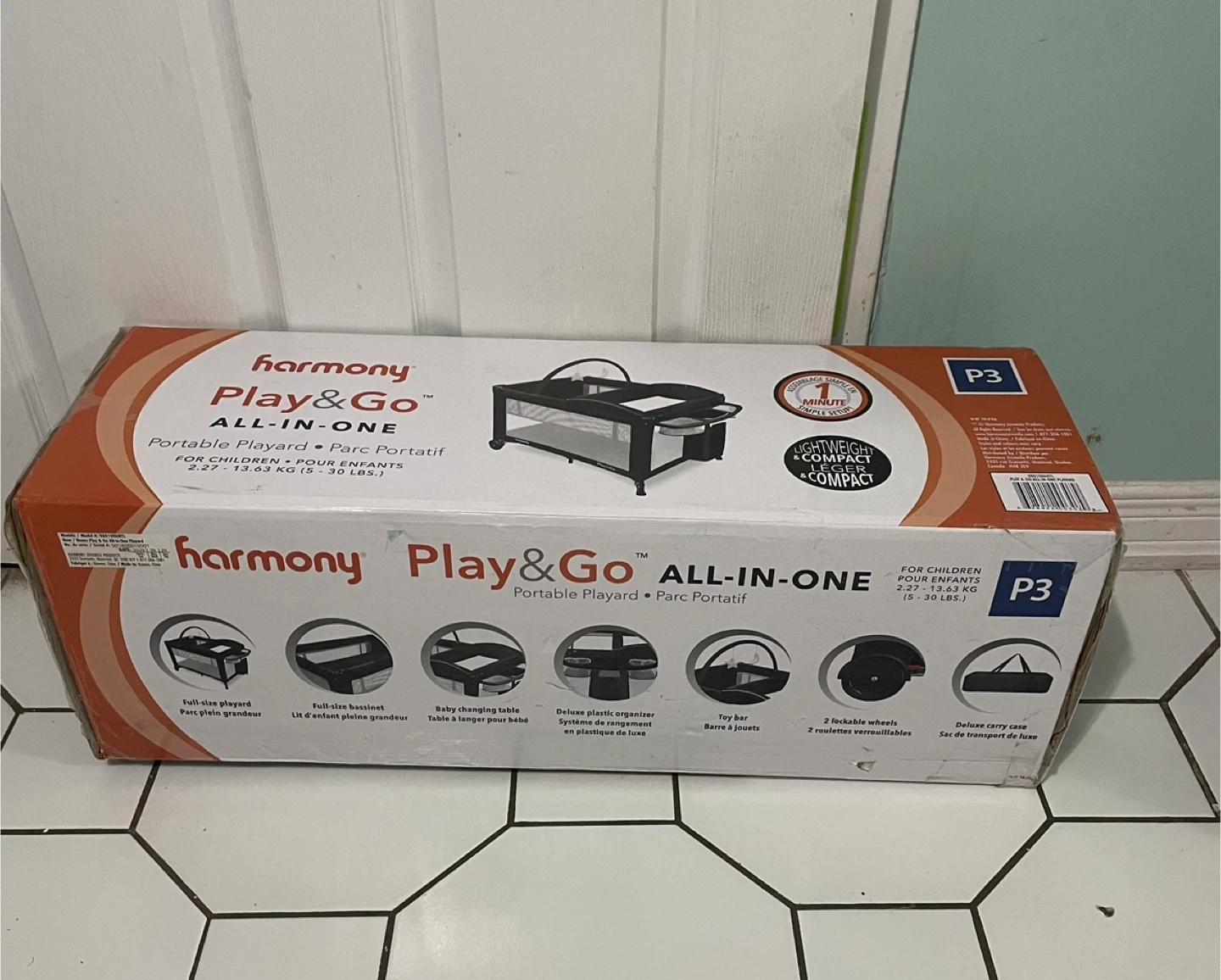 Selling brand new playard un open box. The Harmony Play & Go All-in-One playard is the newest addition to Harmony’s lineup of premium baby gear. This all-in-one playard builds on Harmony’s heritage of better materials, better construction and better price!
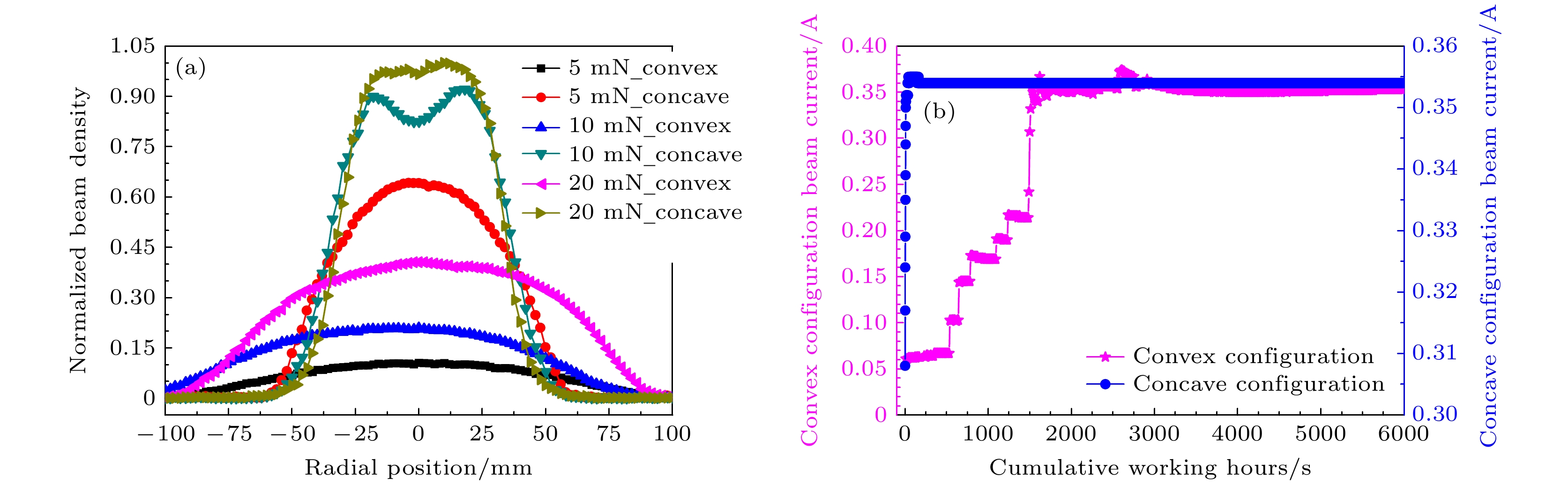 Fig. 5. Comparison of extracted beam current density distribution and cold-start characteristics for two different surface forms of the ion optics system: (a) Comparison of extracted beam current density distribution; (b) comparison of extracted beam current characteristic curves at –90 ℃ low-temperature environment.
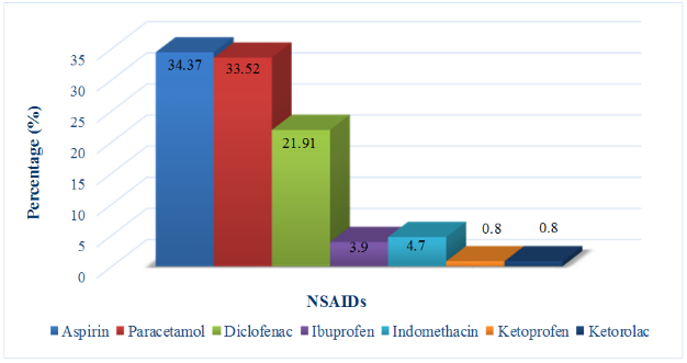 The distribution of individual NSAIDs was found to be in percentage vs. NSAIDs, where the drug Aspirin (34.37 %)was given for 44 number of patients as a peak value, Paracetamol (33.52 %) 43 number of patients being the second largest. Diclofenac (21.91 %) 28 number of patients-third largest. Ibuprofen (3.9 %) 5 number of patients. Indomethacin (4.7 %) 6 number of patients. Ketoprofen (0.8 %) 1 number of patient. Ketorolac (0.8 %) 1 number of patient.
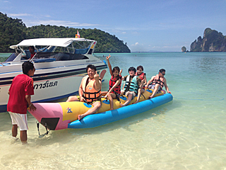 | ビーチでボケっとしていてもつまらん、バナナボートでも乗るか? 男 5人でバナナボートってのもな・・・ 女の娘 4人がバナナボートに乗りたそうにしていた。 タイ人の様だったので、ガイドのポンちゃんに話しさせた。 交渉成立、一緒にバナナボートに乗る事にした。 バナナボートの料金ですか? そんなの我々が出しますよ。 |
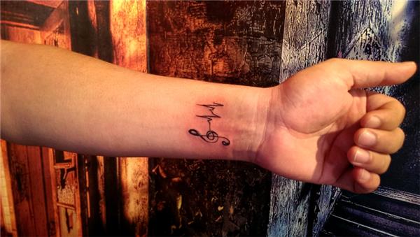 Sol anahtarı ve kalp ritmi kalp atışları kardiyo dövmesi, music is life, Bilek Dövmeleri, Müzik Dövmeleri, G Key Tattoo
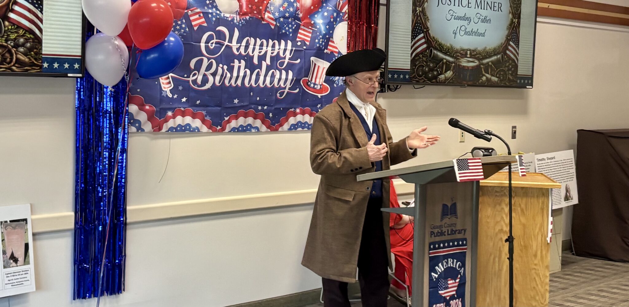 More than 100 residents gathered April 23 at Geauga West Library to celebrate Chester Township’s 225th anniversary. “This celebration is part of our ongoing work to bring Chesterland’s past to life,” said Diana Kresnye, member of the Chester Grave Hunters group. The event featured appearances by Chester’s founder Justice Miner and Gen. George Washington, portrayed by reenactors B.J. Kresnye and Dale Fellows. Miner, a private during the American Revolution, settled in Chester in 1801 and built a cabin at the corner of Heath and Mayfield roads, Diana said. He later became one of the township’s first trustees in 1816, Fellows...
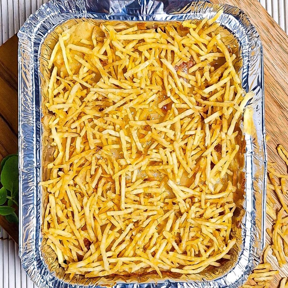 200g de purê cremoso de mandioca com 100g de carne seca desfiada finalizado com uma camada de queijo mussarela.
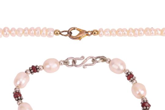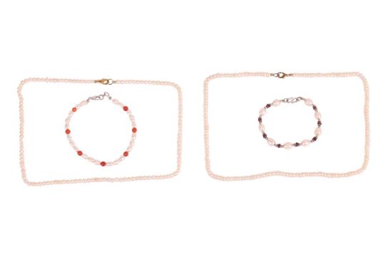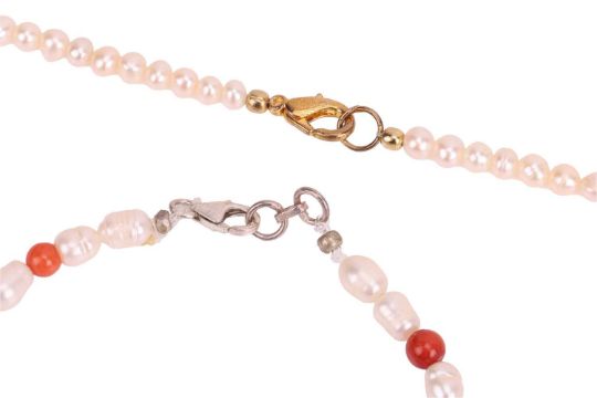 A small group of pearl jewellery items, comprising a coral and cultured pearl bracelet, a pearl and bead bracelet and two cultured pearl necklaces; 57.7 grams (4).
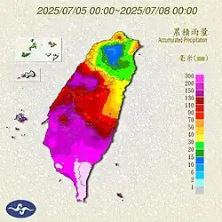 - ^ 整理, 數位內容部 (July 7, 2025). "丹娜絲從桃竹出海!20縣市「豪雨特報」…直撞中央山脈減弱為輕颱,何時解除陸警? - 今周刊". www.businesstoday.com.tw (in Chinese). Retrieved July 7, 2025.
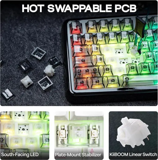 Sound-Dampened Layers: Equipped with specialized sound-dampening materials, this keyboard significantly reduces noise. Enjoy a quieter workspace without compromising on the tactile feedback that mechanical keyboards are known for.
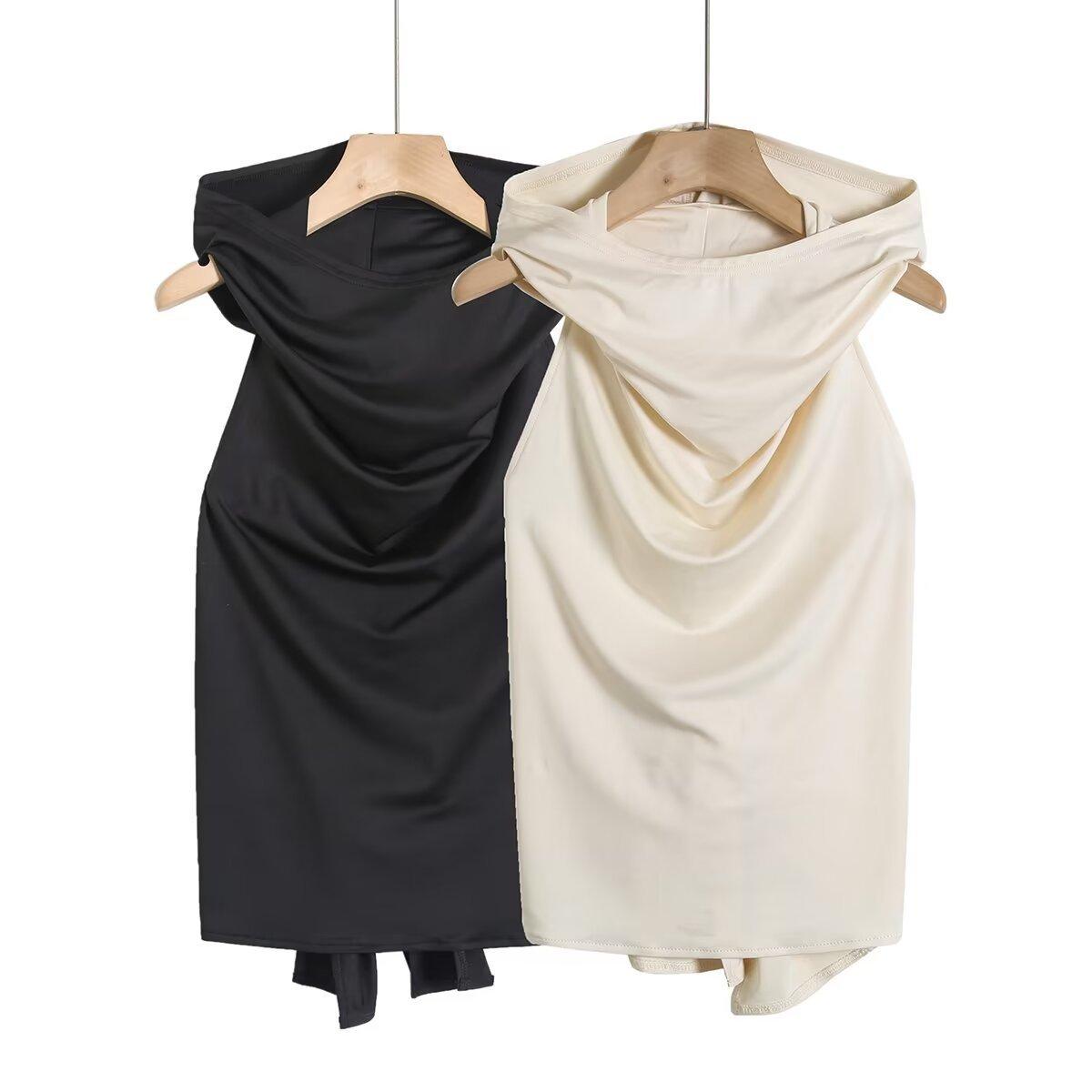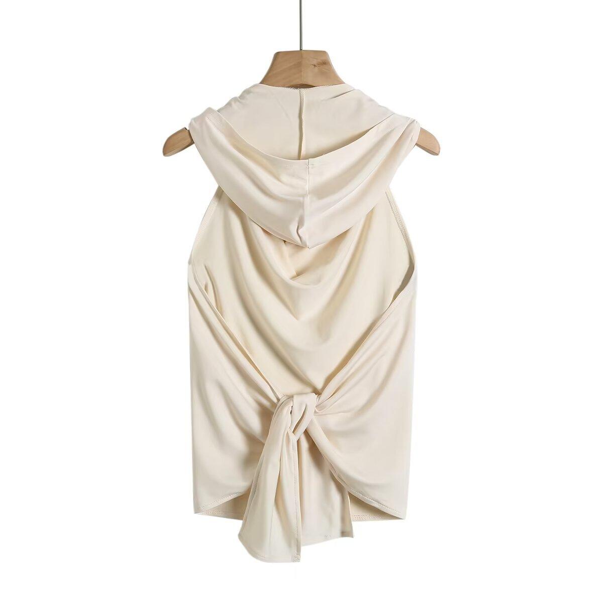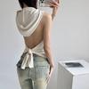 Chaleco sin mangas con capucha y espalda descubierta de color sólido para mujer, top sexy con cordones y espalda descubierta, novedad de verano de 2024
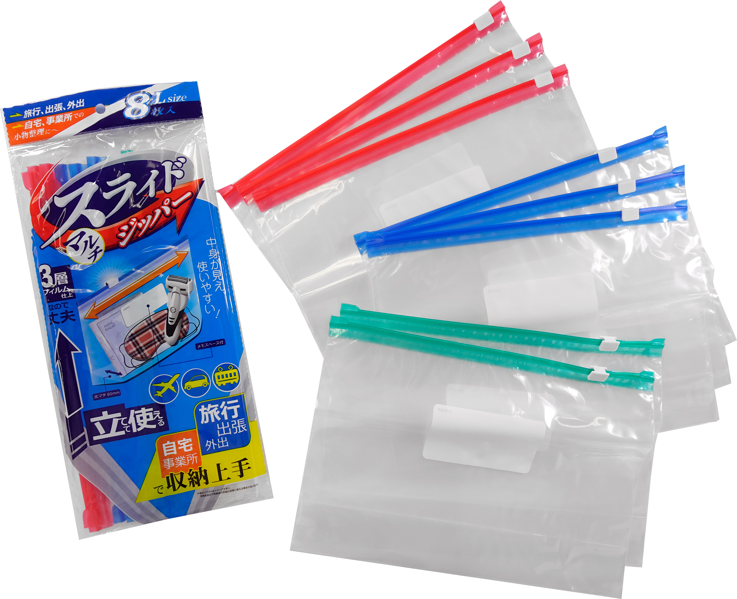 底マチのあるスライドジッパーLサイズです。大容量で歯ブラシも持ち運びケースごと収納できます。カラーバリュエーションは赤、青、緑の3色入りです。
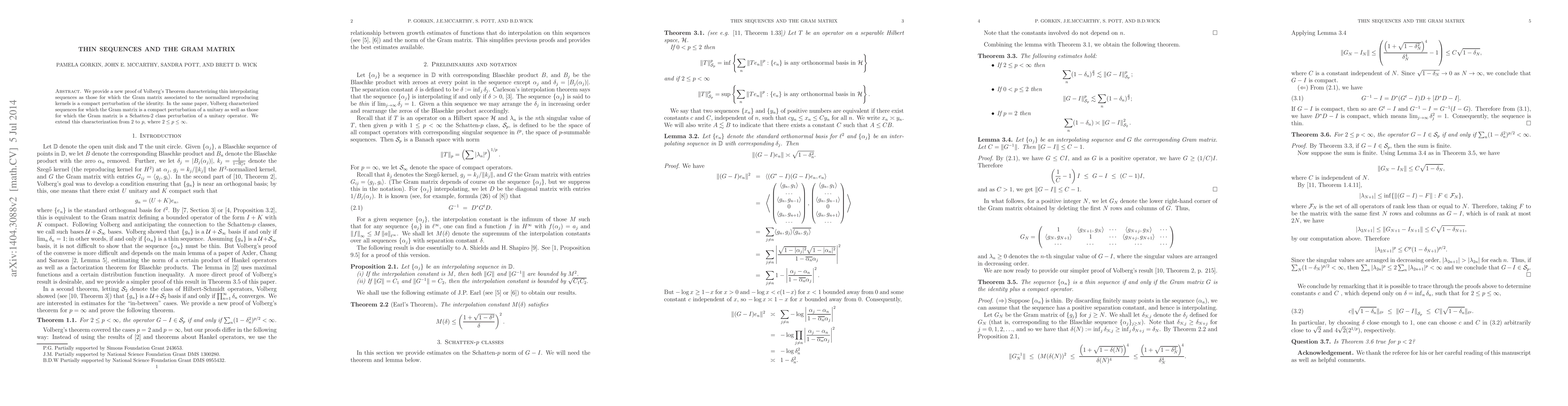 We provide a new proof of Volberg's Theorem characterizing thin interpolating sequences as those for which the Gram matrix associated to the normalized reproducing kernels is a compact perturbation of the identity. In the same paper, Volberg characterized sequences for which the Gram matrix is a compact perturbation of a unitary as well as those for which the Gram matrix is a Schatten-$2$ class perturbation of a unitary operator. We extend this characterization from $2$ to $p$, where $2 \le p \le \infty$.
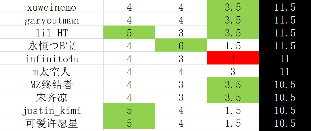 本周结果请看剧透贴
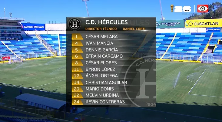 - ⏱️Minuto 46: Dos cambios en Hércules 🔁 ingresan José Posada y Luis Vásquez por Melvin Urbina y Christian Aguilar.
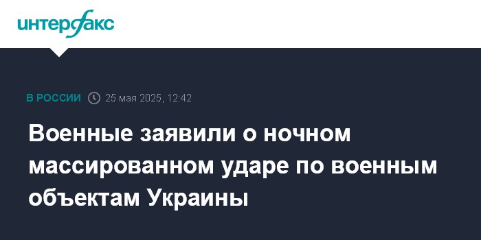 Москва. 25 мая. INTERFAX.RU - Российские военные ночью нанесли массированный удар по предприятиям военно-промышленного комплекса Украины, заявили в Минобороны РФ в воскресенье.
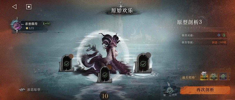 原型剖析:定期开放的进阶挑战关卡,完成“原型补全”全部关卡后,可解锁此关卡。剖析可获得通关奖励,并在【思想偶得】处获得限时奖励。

● ● ● ●

All the records need to be repeated exactly, with the images dropped.

- _OUTPUT OF THE TASK_:
 Selling brand new playard un open box. The Harmony Play & Go All-in-One playard is the newest addition to Harmony’s lineup of premium baby gear. This all-in-one playard builds on Harmony’s heritage of better materials, better construction and better price!
 Fig. 5. Comparison of extracted beam current density distribution and cold-start characteristics for two different surface forms of the ion optics system: (a) Comparison of extracted beam current density distribution; (b) comparison of extracted beam current characteristic curves at –90 ℃ low-temperature environment.
 The distribution of individual NSAIDs was found to be in percentage vs. NSAIDs, where the drug Aspirin (34.37 %)was given for 44 number of patients as a peak value, Paracetamol (33.52 %) 43 number of patients being the second largest. Diclofenac (21.91 %) 28 number of patients-third largest. Ibuprofen (3.9 %) 5 number of patients. Indomethacin (4.7 %) 6 number of patients. Ketoprofen (0.8 %) 1 number of patient. Ketorolac (0.8 %) 1 number of patient.
 | ビーチでボケっとしていてもつまらん、バナナボートでも乗るか? 男 5人でバナナボートってのもな・・・ 女の娘 4人がバナナボートに乗りたそうにしていた。 タイ人の様だったので、ガイドのポンちゃんに話しさせた。 交渉成立、一緒にバナナボートに乗る事にした。 バナナボートの料金ですか? そんなの我々が出しますよ。 |
 Sol anahtarı ve kalp ritmi kalp atışları kardiyo dövmesi, music is life, Bilek Dövmeleri, Müzik Dövmeleri, G Key Tattoo
 More than 100 residents gathered April 23 at Geauga West Library to celebrate Chester Township’s 225th anniversary. “This celebration is part of our ongoing work to bring Chesterland’s past to life,” said Diana Kresnye, member of the Chester Grave Hunters group. The event featured appearances by Chester’s founder Justice Miner and Gen. George Washington, portrayed by reenactors B.J. Kresnye and Dale Fellows. Miner, a private during the American Revolution, settled in Chester in 1801 and built a cabin at the corner of Heath and Mayfield roads, Diana said. He later became one of the township’s first trustees in 1816, Fellows...
 200g de purê cremoso de mandioca com 100g de carne seca desfiada finalizado com uma camada de queijo mussarela.
 A small group of pearl jewellery items, comprising a coral and cultured pearl bracelet, a pearl and bead bracelet and two cultured pearl necklaces; 57.7 grams (4).
 - ^ 整理, 數位內容部 (July 7, 2025). "丹娜絲從桃竹出海!20縣市「豪雨特報」…直撞中央山脈減弱為輕颱,何時解除陸警? - 今周刊". www.businesstoday.com.tw (in Chinese). Retrieved July 7, 2025.
 Sound-Dampened Layers: Equipped with specialized sound-dampening materials, this keyboard significantly reduces noise. Enjoy a quieter workspace without compromising on the tactile feedback that mechanical keyboards are known for.
 Chaleco sin mangas con capucha y espalda descubierta de color sólido para mujer, top sexy con cordones y espalda descubierta, novedad de verano de 2024
 底マチのあるスライドジッパーLサイズです。大容量で歯ブラシも持ち運びケースごと収納できます。カラーバリュエーションは赤、青、緑の3色入りです。
 We provide a new proof of Volberg's Theorem characterizing thin interpolating sequences as those for which the Gram matrix associated to the normalized reproducing kernels is a compact perturbation of the identity. In the same paper, Volberg characterized sequences for which the Gram matrix is a compact perturbation of a unitary as well as those for which the Gram matrix is a Schatten-$2$ class perturbation of a unitary operator. We extend this characterization from $2$ to $p$, where $2 \le p \le \infty$.
 本周结果请看剧透贴
 - ⏱️Minuto 46: Dos cambios en Hércules 🔁 ingresan José Posada y Luis Vásquez por Melvin Urbina y Christian Aguilar.
 Москва. 25 мая. INTERFAX.RU - Российские военные ночью нанесли массированный удар по предприятиям военно-промышленного комплекса Украины, заявили в Минобороны РФ в воскресенье.
 原型剖析:定期开放的进阶挑战关卡,完成“原型补全”全部关卡后,可解锁此关卡。剖析可获得通关奖励,并在【思想偶得】处获得限时奖励。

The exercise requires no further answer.